In another embodiment, the pharmaceutical aqueous solution formulation comprises from 1 to 20 mg/ml of Orellanine; a phosphate buffer wherein the concentration of the buffer is from 40 to 60 mM; and from 0.5 to 0.9 wt % sodium chloride; wherein the pH of the formulation is in the range of 7.2 to 7.5 and optionally wherein the osmolality of the formulation is in the range of from 250 to 350 mOsm.
In another embodiment, the pharmaceutical aqueous solution formulation comprises from 5 to 15 mg/ml of Orellanine; a phosphate buffer wherein the concentration of the buffer is from 40 to 60 mM; and from 0.5 to 0.9 wt % sodium chloride; wherein the pH of the formulation is in the range of 7.2 to 7.5 and optionally wherein the osmolality of the formulation is in the range of from 250 to 350 mOsm.
In another embodiment, the pharmaceutical aqueous solution formulation comprises from 0.1 to 40 mg/ml of Orellanine; a phosphate buffer chosen from NaH2PO4 - Na2HPO4 or Citrate - Na2HPO4 wherein the concentration of the buffer is from 40 to 60 mM; and from 0.5 to 0.9 wt % sodium chloride; wherein the pH of the formulation is in the range of 7.2 to 7.5 and optionally wherein the osmolality of the formulation is in the range of from 250 to 350 mOsm.
In another embodiment, the pharmaceutical aqueous solution formulation comprises from 1 to 20 mg/ml of Orellanine; a phosphate buffer chosen from NaH2PO4 - Na2HPO4 or Citrate - Na2HPO4 wherein the concentration of the buffer is from 40 to 60 mM; and from 0.5 to 0.9 wt % sodium chloride; wherein the pH of the formulation is in the range of 7.2 to 7.5 and optionally wherein the osmolality of the formulation is in the range of from 250 to 350 mOsm.
In another embodiment, the pharmaceutical aqueous solution formulation comprises from 5 to 15 mg/ml of Orellanine; a phosphate buffer chosen from NaH2PO4 - Na2HPO4 or Citrate - Na2HPO4 wherein the concentration of the buffer is from 40 to 60 mM; and from 0.5 to 0.9 wt % sodium chloride; wherein the pH of the formulation is in the range of 7.2 to 7.5 and optionally wherein the osmolality of the formulation is in the range of from 250 to 350 mOsm.
The formulation may be prepared by a method comprising steps of:
a) adding a buffer to an aqueous solution of Orellanine; b) stirring; and c) adjusting the pH by addition of additional buffer, by addition of base (e.g. sodium hydroxide), and/or by addition of acid (e.g. hydrochloride acid).
Alternatively, the formulation may be prepared by a method comprising steps of: a) adding Orellanine (optionally as an aqueous solution) to a buffer; b) stirring; and c) adjusting the pH by addition of additional buffer, by addition of base (e.g. sodium hydroxide), and/or by addition of acid (e.g. hydrochloride acid).
The steps of stirring and adjusting the pH may be repeated several times to ensure that the final pH is within the chosen range.

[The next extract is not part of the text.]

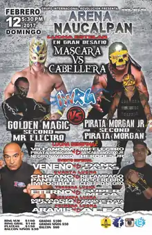 The IWRG Máscara vs. Cabellera (February 2017) (Spanish for "Mask vs. Hair") show was a major lucha libre event produced and scripted by Mexican professional wrestling promotion International Wrestling Revolution Group (IWRG), that took place on February 12, 2017in Arena Naucalpan, Naucalpan, State of Mexico, Mexico. The focal point of the Máscara vs. Caballera series of shows is one or more traditional Lucha de Apuestas, or "Bet matches", where all competitors in the match risk their hair on the outcome of the match. The Lucha de Apuestas is considered the most prestigious match type in lucha libre, especially when a wrestlers mask is on the line, but the "hair vs. hair" stipulation is held in almost as high regard.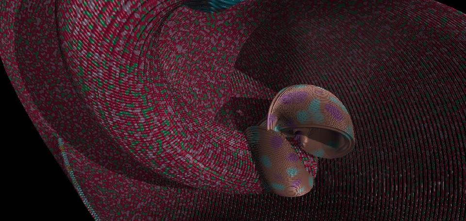 “One of Mike’s PhD students had been a big fan of my work. A lot of the structures that we’re using resemble the way that proteins are bolted together. So this sort of crazy art system for creating evolutionary art forms does have some similarities to the natural world. For example, beta barrel -protein structures have some of visual and geometrical similarity to my horn-web forms.

The inventors have observed that the pH of the formulation may change upon stirring such that pH adjustment is needed to provide a pH within the chosen range and to provide a stable formulation.
The buffer may be prepared by combining the buffer components (e.g. as NaH2PO4 and Na2HPO4, or sodium citrate and Na2HPO4) with water for injection and with sodium chloride.
The formulation may be filtered (e.g. through a 0.22 pm PVDF filter) before it is packaged. The formulation may be packaged in conventional vessels, such as glass injection vials. The vials may be stoppered and sealed with flip off caps.
The formulation may be used in a method of treating cancer such as renal cancer. The formulation may be used for the treatment of patients suffering from or susceptible to renal cell carcinoma. The treatment may be used to treat a tumor that is localized to one or both of the patient’s kidneys. Alternatively, the renal cell carcinoma may have metastasized such that at least one renal cell carcinoma tumor is present in at least one non-kidney tissue.
The formulation is suitable for administration by intravenous injection.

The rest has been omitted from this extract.